> **Exercise objective**: What you return should be the full listing, copied exactly and stripped of its pictures.

> **Supplied data**:
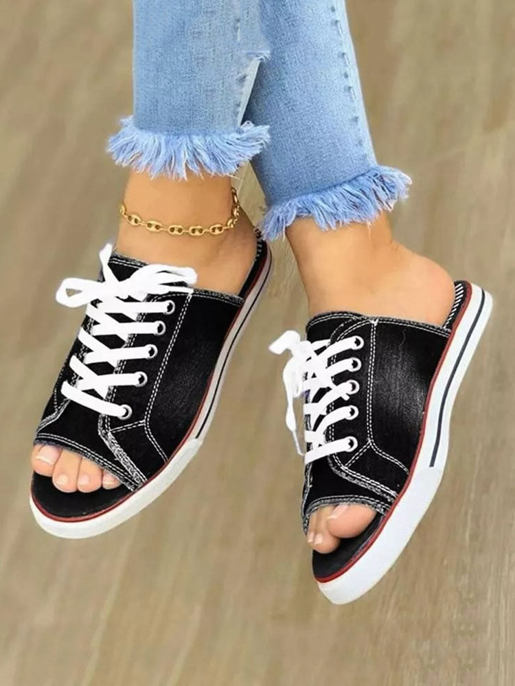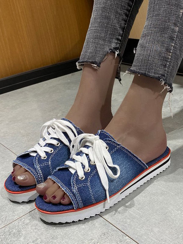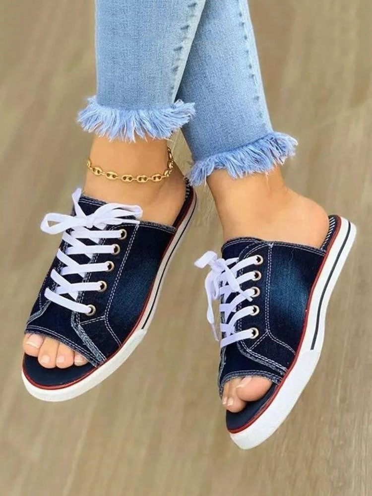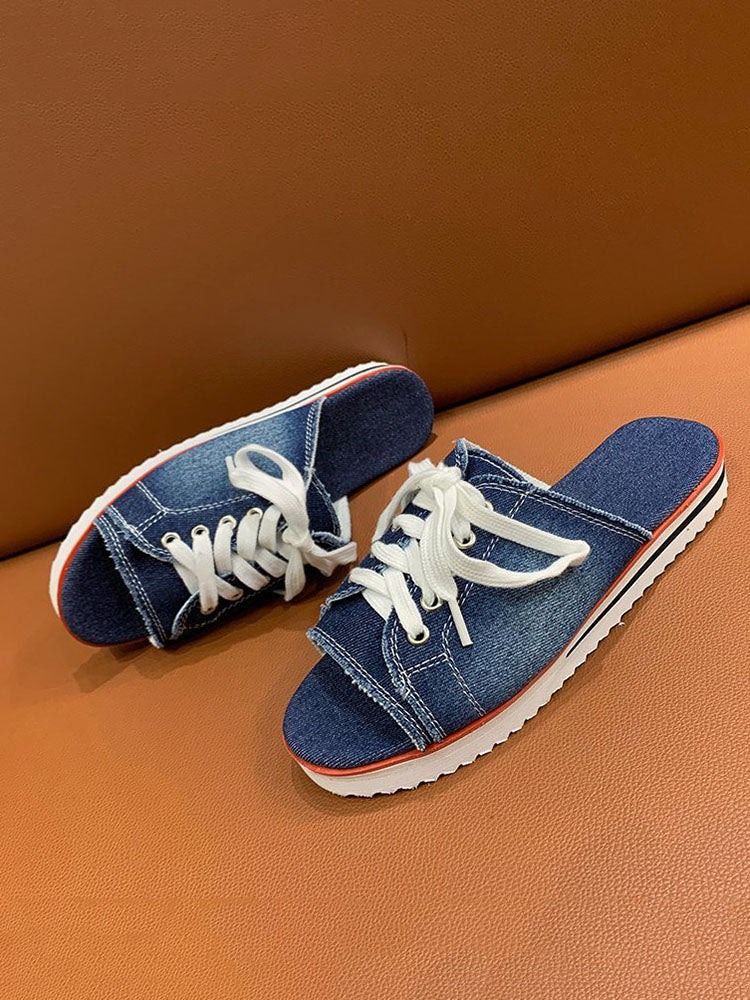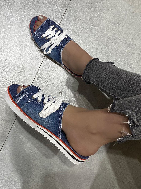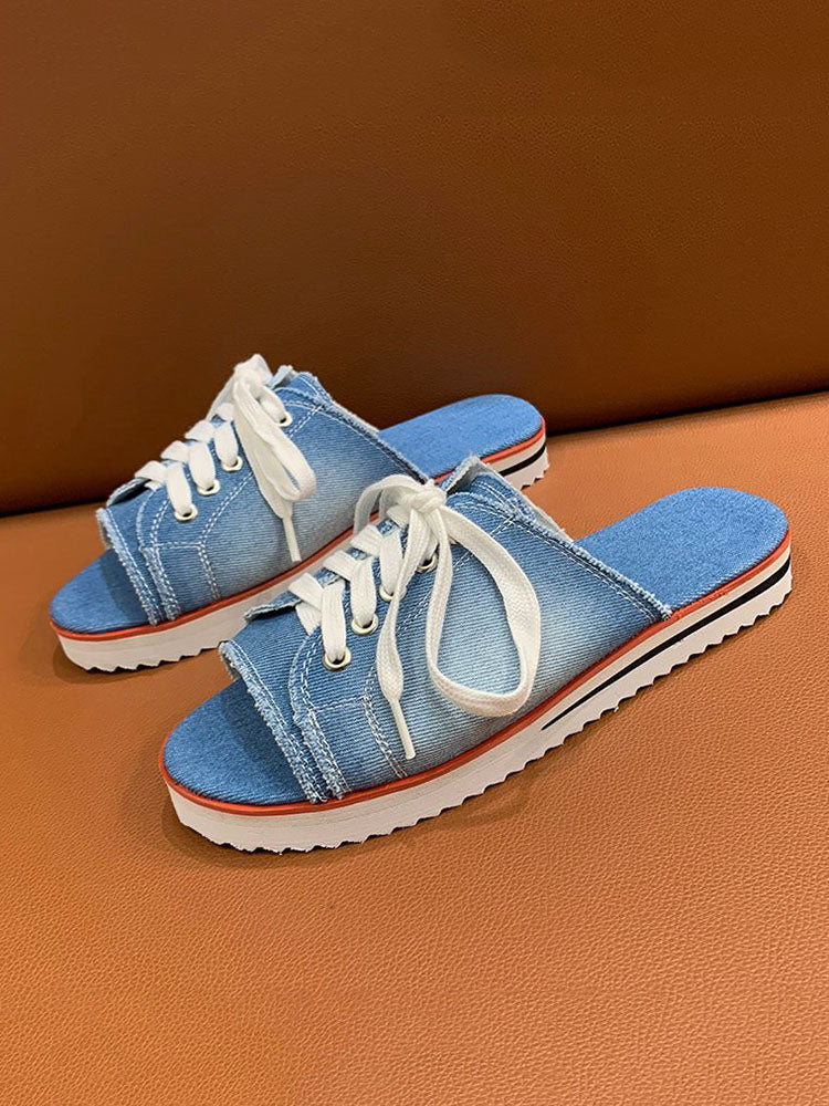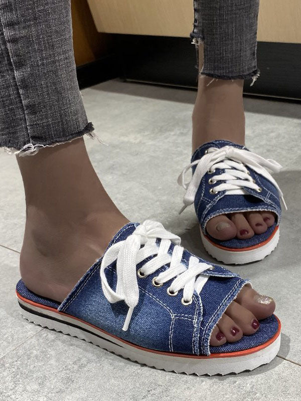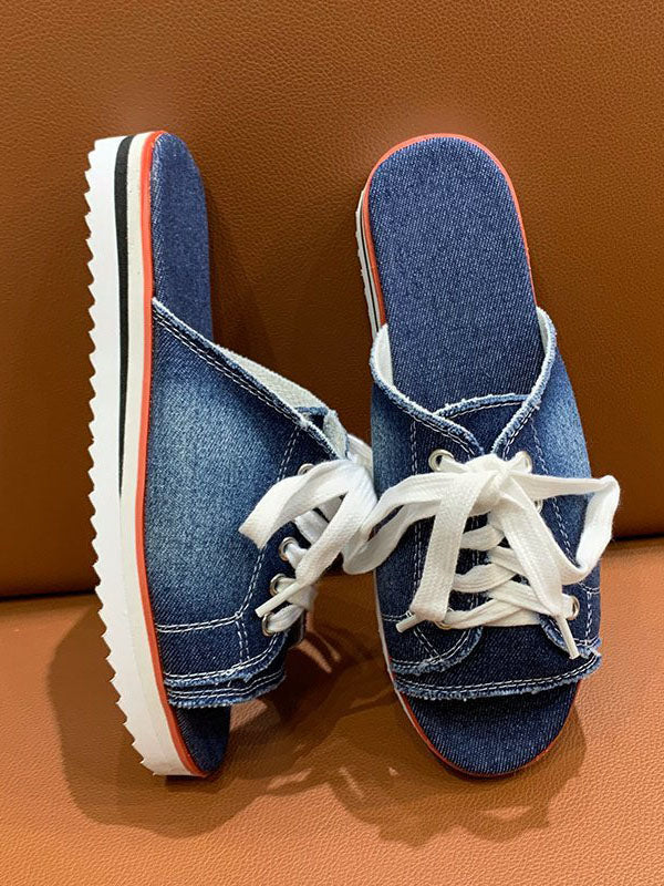 Lace Up Denim Flat Slippers
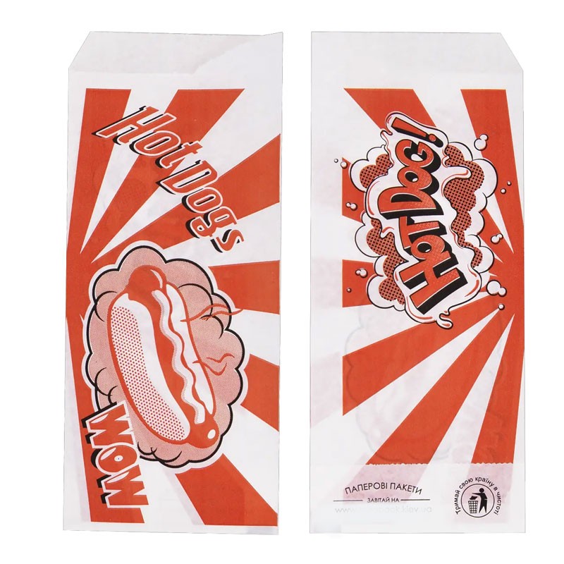 Технічні характеристики Паперовий пакет куточок для хот-догу Hot-Dogs WOW 190х85 мм. (35)
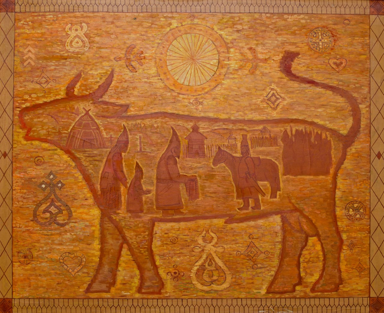 Взгляд его простирается вдоль всего неба и он видит, что нижние края небес по окружности свисают вниз. Свисают как бахрома, подобно серебряным ожерельям они трутся о приподнятые края земли, со звуком как будто грызутся со скрежетом разъяренные жеребцы. По обратной стороне этого неба пасутся несметные стада, курятся дымом в далеком тумане белые юрты. Как только пролетел он одно небо, появилось другое небо, другое по цвету. Затем еще одно небо, еще и еще– всего девять ярусов. И когда Платон достиг вершины дерева, увидев теплый и божественный свет- он неожиданно проснулся.

> **Answer to this exercise**:
 Lace Up Denim Flat Slippers
 Технічні характеристики Паперовий пакет куточок для хот-догу Hot-Dogs WOW 190х85 мм. (35)
 Взгляд его простирается вдоль всего неба и он видит, что нижние края небес по окружности свисают вниз. Свисают как бахрома, подобно серебряным ожерельям они трутся о приподнятые края земли, со звуком как будто грызутся со скрежетом разъяренные жеребцы. По обратной стороне этого неба пасутся несметные стада, курятся дымом в далеком тумане белые юрты. Как только пролетел он одно небо, появилось другое небо, другое по цвету. Затем еще одно небо, еще и еще– всего девять ярусов. И когда Платон достиг вершины дерева, увидев теплый и божественный свет- он неожиданно проснулся.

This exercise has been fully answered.